Hypotensive effect of potent angiotensin-I-converting enzyme inhibitory peptides from corn gluten meal hydrolysate: Gastrointestinal digestion and transepithelial transportation modifications

The study examined the antihypertensive effect of peptides derived from pepsin-hydrolyzed corn gluten meal, namely KQLLGY and PPYPW, and their in silico gastrointestinal tract digested fragments, KQL and PPY, respectively. KQLLGY and PPYPW showed higher angiotensin I-converting enzyme (ACE)-inhibitory activity and lower ACE inhibition constant (Ki) values when compared to KQL and PPY. Only KQL showed a mild antihypertensive effect in spontaneously hypertensive rats with −7.83 and − 5.71 mmHg systolic and diastolic blood pressure values, respectively, after 8 h oral administration. During passage through Caco-2 cells, KQL was further degraded to QL, which had reduced ACE inhibitory activity.

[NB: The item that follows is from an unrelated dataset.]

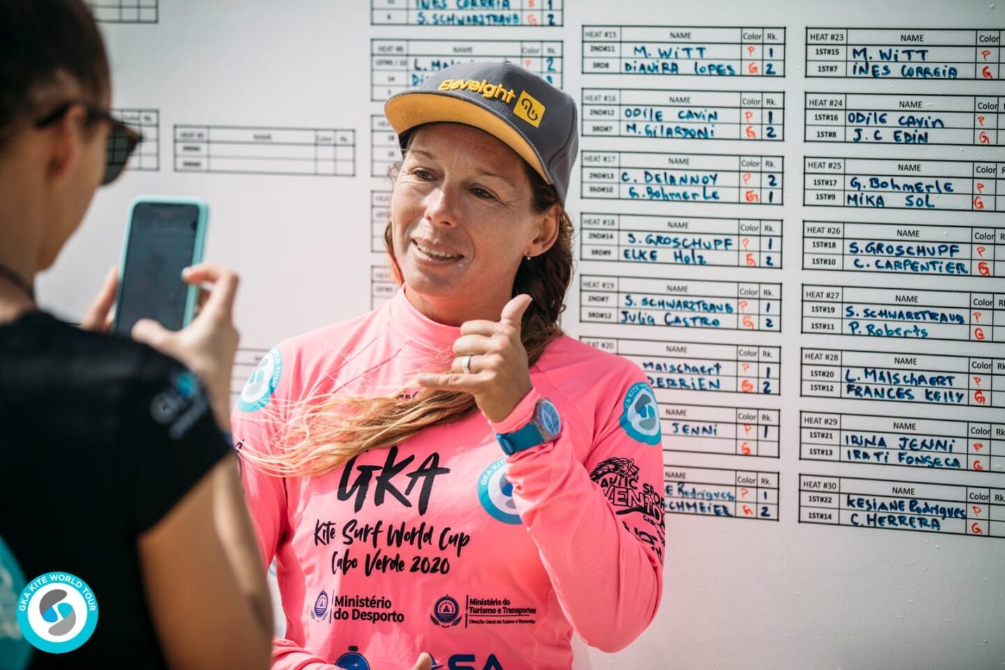 One rider that didn’t seem to notice the lack of swell was Ines Correia PT. The Portugese woman spends part of the year in Cape Verde, and local knowledge shone through. Ines took both the highest scoring wave of the day 6.93, and the highest complete score 13.70 in the women’s division in the first heat. She goes through to face JC Edin SE in the quarter finals. Johanna-Catharina goes through with a complete score of 8.54.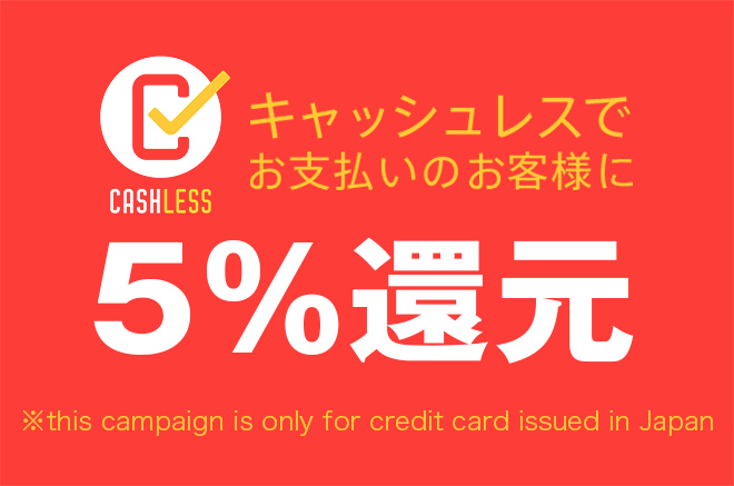 一部キャッシュレス決済で5%還元適応しております。

In addition, molecular dynamics revealed that the QL-ACE complex was less stable compared to the KQL-ACE. This study reveals that structural transformation during peptide permeation plays a vital role in attenuating antihypertensive effect of the ACE inhibitor peptide. •KQLLGY and PPYPW are ACE inhibitors isolated from pepsin-hydrolyzed corn gluten meal.•In silico digestion of these peptides generated weaker fragments against ACE.•KQLLGY and PPYPW did not show in vivo antihypertensive effect in SHR.•KQL, a fragment of KQLLGY digestion, showed mild antihypertensive effect.•KQL was degraded to QL during passage through the Caco-2 cell monolayer.•Molecular dynamic revealed lower stability of the QL-ACE complex than the KQL-ACE.